Physical Mechanism of Dual-Grounded Trielectrode Plasma Actuator

Abstract

To enhance the performance of a dielectric barrier discharge plasma actuator, a dual-grounded trielectrode plasma actuator, which has an electrically grounded and insulated third electrode on the alternating-current electrode, was suggested. In this research, the discharge structures, body force fields, and flowfield of the conventional dielectric barrier discharge plasma actuator and the dual-grounded trielectrode plasma actuator were investigated with a plasma simulation and a fluid simulation to clarify the performance improvement mechanism of the dual-grounded trielectrode plasma actuator. First, the validity of the simulation results was confirmed by comparing the results between the experiment and the simulation. Next, a detailed investigation of the plasma structures, the body force fields, and the flow velocity distributions was conducted.
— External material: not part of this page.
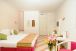 Тройна стая с изглед към градината: С капацитет до 3 възрастни площ 34 кв. м. Едно помещение с 1 спалня и 1 единично легло.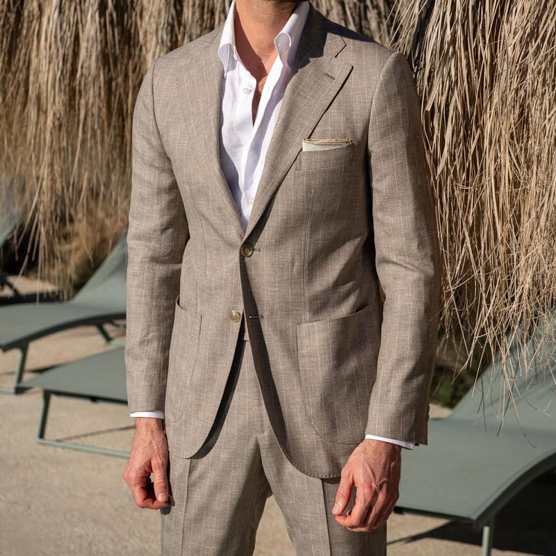 Herren eleganter Leinenanzug mit feinem Schnitt und praktischen Taschen Aliams

As a result, the following performance improvement mechanism was clarified. The body force generated near the alternating-current electrode edge effectively accelerated the flow. By putting the third electrode close to the alternating-current electrode edge, the plasma generated around the third electrode was supplied to the region near the alternating-current electrode edge, and the body force contributing to the flow acceleration was drastically enhanced. In addition, the vertical expansion of body force also contributed to the performance enhancement. The induced flow became thicker, and the rate of momentum loss by the friction force on the dielectric surface decreased.